Roam has commissioned a new production facility that will allow for expanded production and have an annual capacity of 50,000 motorcycles while staying a carbon-neutral assembly.
The plant, more than 10,000 square meters in size, is part of the company’s effort to scale up commercial mass production of the Roam Air as well as improve efficiency. This new location will enable Roam’s engineers and technicians to increase capacity throughout the assembly process and improve overall safety and quality.
The new premises will also combine the production, distribution, and storage operations under one roof, creating a technology hub and reducing the company’s overall carbon footprint. Currently, Roam has more than 150 highly skilled employees, within design, engineering and production to ensure that the electric motorcycles retain quality and affordability while building local capacity. The company’s growth is expected to continue in 2023 as the company continues to expand in East Africa to meet demand.

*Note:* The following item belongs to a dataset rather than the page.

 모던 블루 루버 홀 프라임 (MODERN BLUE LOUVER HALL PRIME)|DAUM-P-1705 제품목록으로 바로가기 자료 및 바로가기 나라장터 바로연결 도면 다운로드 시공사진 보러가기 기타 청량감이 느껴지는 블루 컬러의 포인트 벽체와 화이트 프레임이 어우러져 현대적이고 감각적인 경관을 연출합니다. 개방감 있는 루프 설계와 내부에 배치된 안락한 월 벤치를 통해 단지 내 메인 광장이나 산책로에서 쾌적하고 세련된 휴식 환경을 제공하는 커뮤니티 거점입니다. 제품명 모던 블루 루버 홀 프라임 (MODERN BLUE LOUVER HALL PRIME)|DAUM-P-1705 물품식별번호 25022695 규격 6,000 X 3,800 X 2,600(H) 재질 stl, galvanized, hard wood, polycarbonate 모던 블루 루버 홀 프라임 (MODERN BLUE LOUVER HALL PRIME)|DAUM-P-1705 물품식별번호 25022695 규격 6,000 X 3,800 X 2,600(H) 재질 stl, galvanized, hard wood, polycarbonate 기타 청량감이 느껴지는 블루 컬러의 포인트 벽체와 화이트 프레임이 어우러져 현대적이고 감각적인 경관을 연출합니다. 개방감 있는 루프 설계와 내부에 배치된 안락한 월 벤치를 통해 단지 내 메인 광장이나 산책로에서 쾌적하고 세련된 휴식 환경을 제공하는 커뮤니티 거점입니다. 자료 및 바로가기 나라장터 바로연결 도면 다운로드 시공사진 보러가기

Roam’s new production facility operations are being led by Brett Mangel, Chief Operations Officer, who formerly worked at Tesla, where he was part of the team successfully scaling high-quality production for electric vehicles.

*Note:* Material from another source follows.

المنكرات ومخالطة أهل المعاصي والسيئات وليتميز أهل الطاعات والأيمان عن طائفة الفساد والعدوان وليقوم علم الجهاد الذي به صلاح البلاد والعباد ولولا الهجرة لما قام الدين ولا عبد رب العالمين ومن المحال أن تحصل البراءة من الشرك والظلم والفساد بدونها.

“Moving ahead with this new production facility represents a significant step forward in bringing sustainable mobility solutions to Kenya,” said Brett Mangel. “With some of the brightest talent, key partners, and access to a good infrastructure and logistics network, Roam is confident that this new location is a step in the right direction.”
“I am very proud of the team for the work they’re doing during this phase of expansion. It’s exciting to envision the improvements in production efficiency we will achieve and the new jobs that will be created as we continue to grow,” explains Japheth Ruttoh, Head of Production at Roam.